This proposed acquisition will increase our presence in the U.S. masterbatch market, strengthen our global position in rotomolding, and add capabilities in size reduction. Our two businesses are extremely complementary, and we believe our cultures will be a good fit. In addition, our combined skill sets will strengthen our ability to serve customers.
By acquiring the operations of ICO, we will increase our presence in the U.S. masterbatch market, gain plants in the high-growth market of Brazil and facilities in Australia, and add another facility in Asia to bring our total plants in that region to four, including the facility we plan to build in India. In Europe, the acquisition will allow us to expand our presence in countries such as France, Italy and Holland; and to grow the size reduction and rotomolding businesses in high-growth markets such as Poland, Hungary and Sweden.

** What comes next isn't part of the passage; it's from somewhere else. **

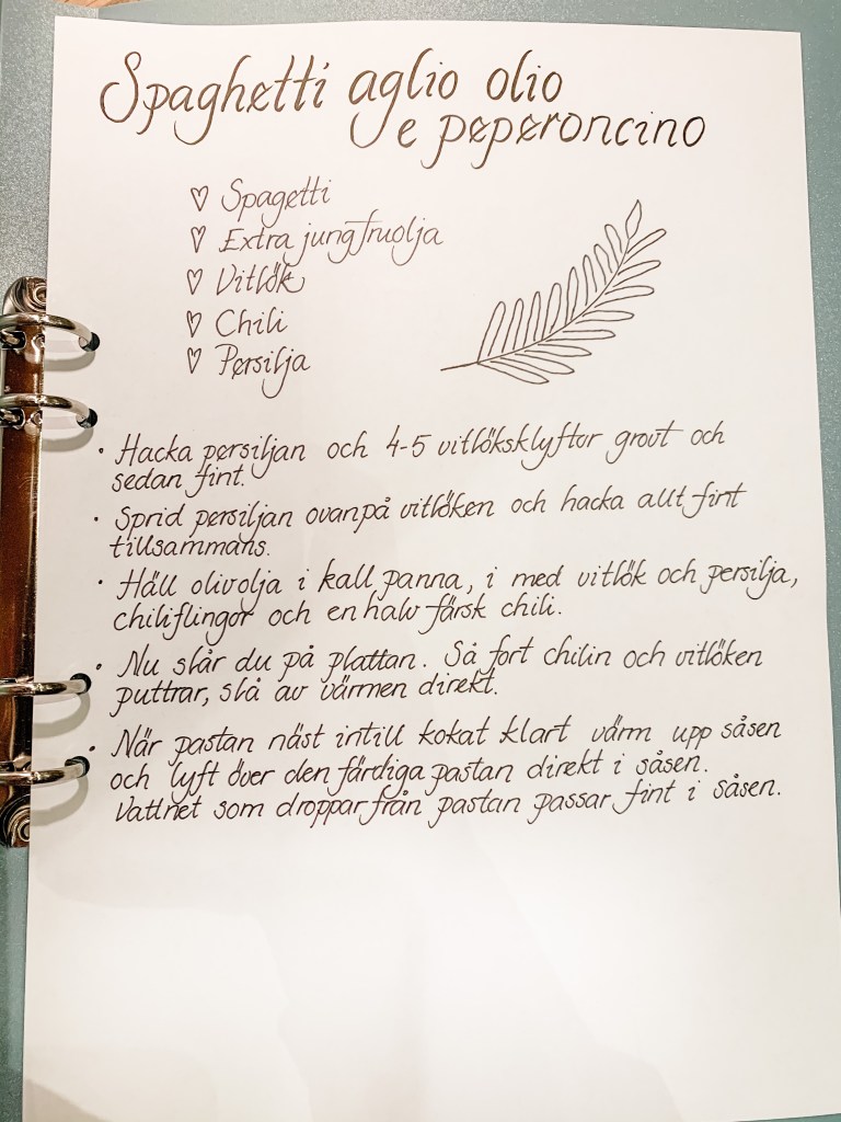 Vi har ätit Spaghetti aglio olio e peperoncino två gånger den här veckan. Så gott och väldigt enkelt. Fem ingredienser (eller 7 st om man räknar med saltet i pastavattnet och vattnet i sig). Gör man det?
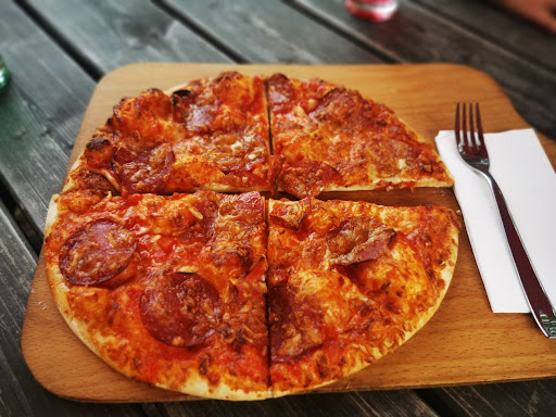 Beim Essen gibt es das übliche für einen Biergarten. Pizzen, Bochwurst mit Kartoffelsalat, Nudeln, Flamenkuchen und am Grill Bratwurst und Hacksteak. Die Solijnka wurde hier schon des öfteren angesprochen in den Bewertungen. Die ist aus unserer Sicht tagesabhängig. Also noal wenn es Resteverwertung im eigentlichen Sinn ist. Deftige könnte diese jedoch schon sein. Der Flammkuchen ist jedoch sehr lecker und sehr gut.

We believe this transaction will bring significant value and opportunity to the customers of both companies through enhanced product offerings, an expanded global reach, improved financial strength, and shared technology and product development focused on providing better solutions.
It also will provide greater opportunities for our team going forward, as we continue to pursue our long-term strategic objectives of being a leading global manufacturer in masterbatch and rotomolding, and a leading global niche player in engineered plastics.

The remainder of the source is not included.